Finland will apply for Nato membership in the coming days as a way of maximising its security, the Nordic country’s president and prime minister said on Sunday, in a move that would more than double Nato’s border with Russia and change the geopolitics of Europe.
“This is a historic day. A new era starts,” Finnish president Sauli Niinistö said at a press conference, as Vladimir Putin’s brutal invasion of Ukraine, another non-Nato member that shares a border with Russia, upturned decades of security thinking in Helsinki.
Finland’s prime minister Sanna Marin said: “We cannot trust any more that there will be a peaceful future next to Russia on our own. That’s why we’re making the decision to join Nato: it’s an act of peace, to make sure there will never again be a war in Finland in the future.”
Later on Sunday Sweden’s ruling Social Democrats will announce its decision on whether to jettison 200 years of military non-alignment and also submit an application.
However Turkish president Recep Tayyip Erdoğan on Friday came out against the two Nordic countries joining Nato, saying he could not take a “positive view” of the two nations’ potential bids for membership.
Foreign ministers from several Nato countries expressed optimism that Turkey would change its mind over their accession to the western defence alliance and that the two countries could swiftly join.
“We hope this situation will be resolved through direct dialogue between the three countries,” Romanian foreign minister Bogdan Auresc said on Sunday ahead of consultations with Nato counterparts in Berlin.
Both Finland’s president and prime minister downplayed fears that Turkey could jeopardise its Nato bid. Niinistö said he was “a bit confused” after he had a conversation with Erdoğan in which the Turkish president had told him: “We will assess it favourably”.
Jean Asselborn, Luxembourg’s foreign minister, said he was “confident” that Turkey would relent. “But of course Turkey is sometimes difficult, and we, too, are sometimes difficult,” he said.
Public opinion has swung massively in favour of Nato membership in both Finland and Sweden since Russia began its full-scale war against Ukraine in February.
Swedish and Finnish membership of Nato would transform the security situation in northern Europe and make the alliance’s defence of the Baltic countries easier. It would also more than double Nato’s border with Russia, which has threatened “serious military and political consequences” should either country join the alliance. The Finnish government’s formal decision to apply will need to be approved by parliament, which meets on Monday.

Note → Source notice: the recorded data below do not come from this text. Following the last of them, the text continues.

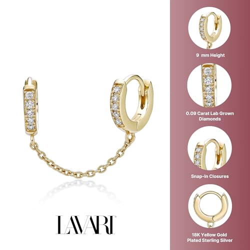 HOT ! Lavari Jewelers Lab Grown Diamond Double Huggie Hoop Single Earring for Women - 18k Yellow Gold Plated 925 Sterling Silver Chain Double Piercing Earring for Her (F-G, VS1-VS2, 0.09 cttw) Hinged Hoop
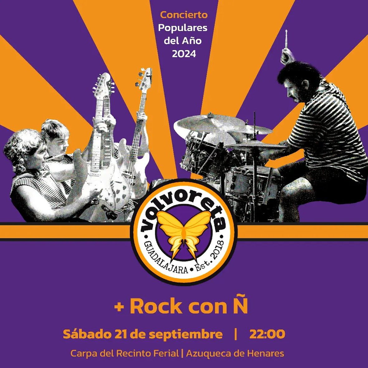 Además, el sábado 21, el grupo local Volvoreta, nombrado Popular del Año, junto con el equipo femenino de la Unión Deportiva Azuqueca Fútbol Sala (más información, pinchando AQUÍ), actúa a las 22 horas en la carpa instalada en el Recinto Ferial. A continuación, se podrá ver en el escenario a Rock con Ñ, grupo que “reúne a miembros de bandas legendarias del rock español y recupera canciones de la movida del rock de los 80”, avanza la edil. Los conciertos son gratuitos.
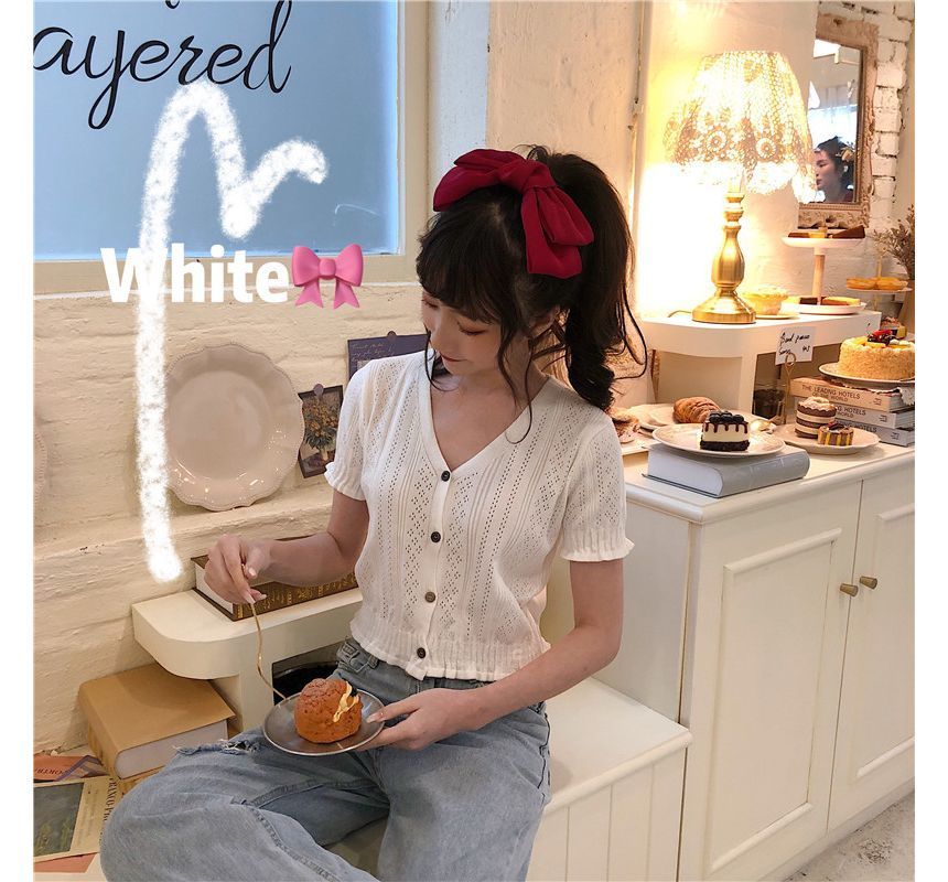 Perforated Knit Top Button-Up V-Neck Short-Sleeve
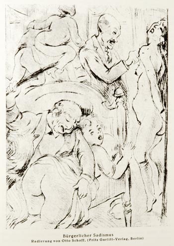 The series is lavishly illustrated with historic drawings, photographs, and plates (some in colour). It follows the motif from its ancient origins through the libertine novels of the 18th and 19th centuries, noting the influence of the Marquis de Sade and Victorian‑era writers. Published during the sexually permissive Weimar Republic, the book sparked controversy; authorities confiscated copies, prompting Schertel to publish a defensive pamphlet in 1931 entitled Flagellantismus und Gesetz.
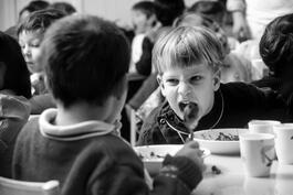 FRANCE. Paris 75010. Lunchtime at a private (Catholic) nursery...
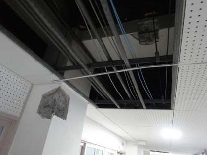 東館等のコンクリート強度調査、鉄筋腐食調査が、今日から学校の休みの日を使って、行われています。今日は、調査する地点のコンクリートをとりました。明日からは、とった跡を埋めて、塗装をしたりします。

Nato foreign ministers will spend Sunday discussing the war in Ukraine and how they can step up aid to the authorities in Kyiv. They will also discuss Nato’s new strategic concept ahead of a summit of the alliance in Madrid in June. This will define the security challenges facing Nato and outline the political and military tasks it will carry out to address them.

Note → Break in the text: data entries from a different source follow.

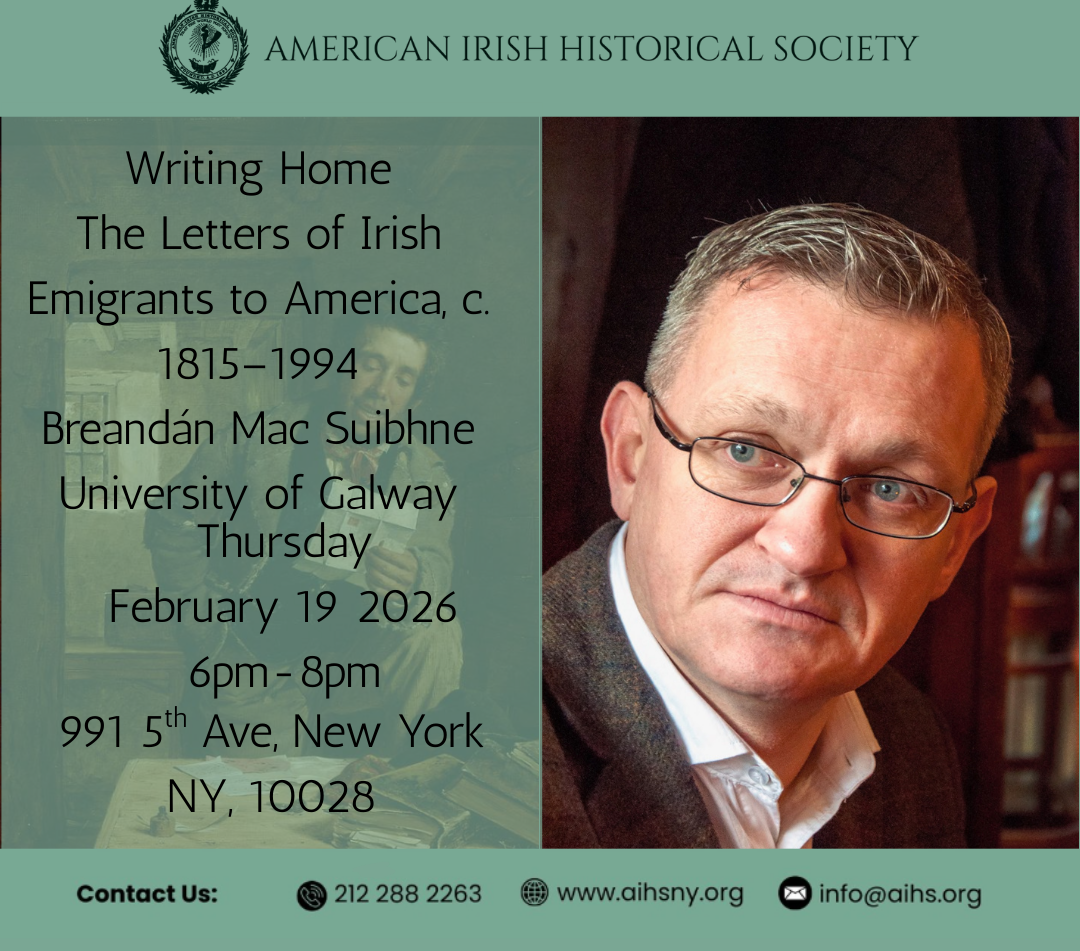 6:00 PM 8:00 PM Google Calendar ICS This exhibit, running through the course of 2026, uses the archives of the American Irish Historical Society to display the history of Irish America. 250 years after 1776, we look back on the contributions and stories of Irish emigrants and their descendants in American history. In collaboration with Irish America 250, this […]
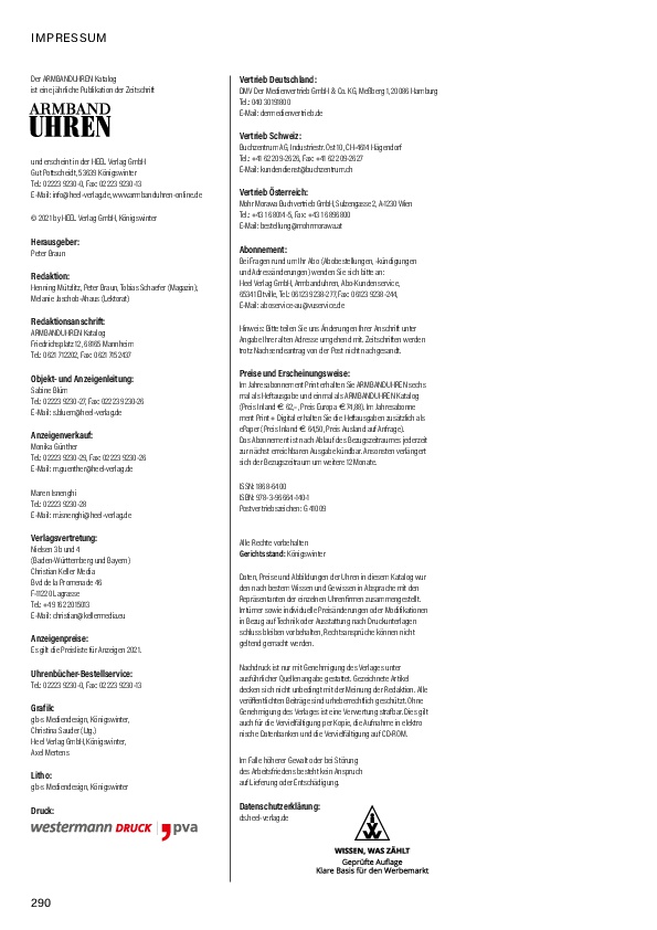 Armbanduhren Katalog 2021/2022 - Rolex, Omega, Patek, Tudor u. v. m.
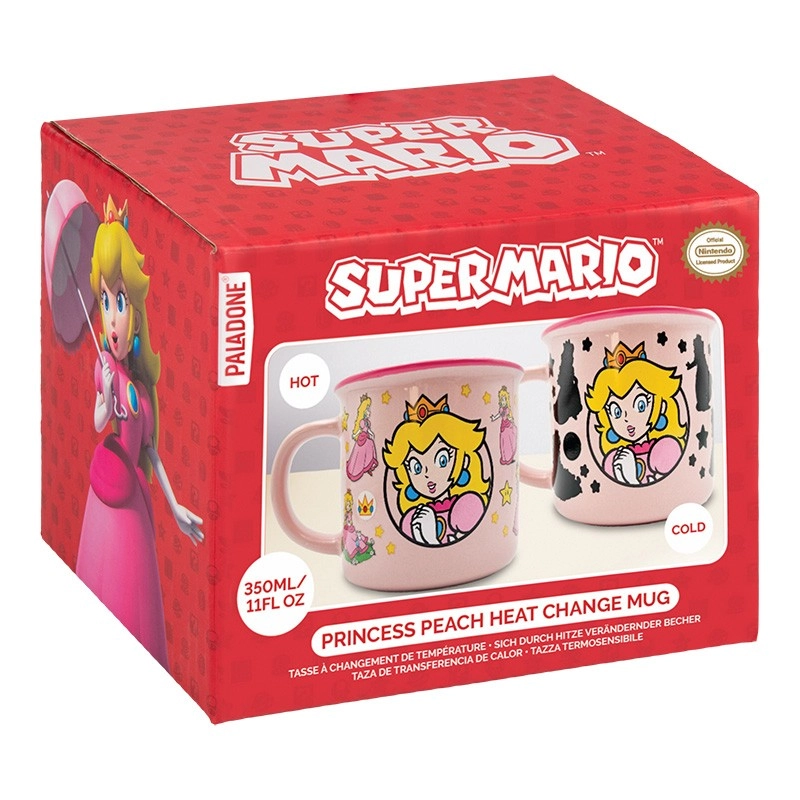 Elegante tazza termocromatica con motivo Princess Peach con capienza di 350 ml, perfetta per ogni fan del mondo di Super Mario. Versando una bevanda calda, il motivo si trasforma magicamente rivelando nuovi dettagli. Un regalo ideale per gamer e collezionisti.

Annalena Baerbock, Germany’s foreign minister, said there should be no delay in bringing Sweden and Finland into Nato. “There should be no . . . grey zone,” she said before the informal meeting, adding that it was her hope that the two countries can “join very quickly”.
Erdoğan, as the rationale for his objection, cited Sweden and Finland’s support for the Kurdistan Workers’ party (PKK) which has waged a decades-long armed insurgency against the Turkish state. It is classified as a terrorist organisation by Ankara, the US and the EU. Erdoğan said Scandinavian countries were “like some kind of guest house for terrorist organisations”.

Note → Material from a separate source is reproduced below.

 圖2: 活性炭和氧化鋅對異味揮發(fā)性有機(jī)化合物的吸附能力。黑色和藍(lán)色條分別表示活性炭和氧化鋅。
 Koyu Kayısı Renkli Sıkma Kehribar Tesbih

But Turkey appears to be alone in taking this stance, with most Nato members expressing strong support for Finland and Sweden’s accession.
Niinistö will make a state visit to Sweden early next week during which the two countries could jointly send their Nato applications.
The Swedish and Finnish foreign ministers joined their Nato colleagues at a dinner in Berlin on Saturday to discuss their membership bid.
“If they decide to seek membership I’m confident that allies will look constructively and positively at their membership of this alliance,” said Mircea Geoană, Nato’s deputy secretary-general.
He described the two countries as “vibrant democracies” with “impeccable” records on the rule of law and “strong militaries” that were “very interoperable with the rest of Nato”.
Baerbock said that many countries had never wanted to join the defence pact “but now they’re being pushed into Nato” by Russia’s war of aggression in Ukraine.
The German government would ensure “swift ratification” of Swedish and Finnish membership of Nato, she added. “This can’t be a long drawn-out process,” she said, insisting that the two countries’ accession would “make us even stronger”.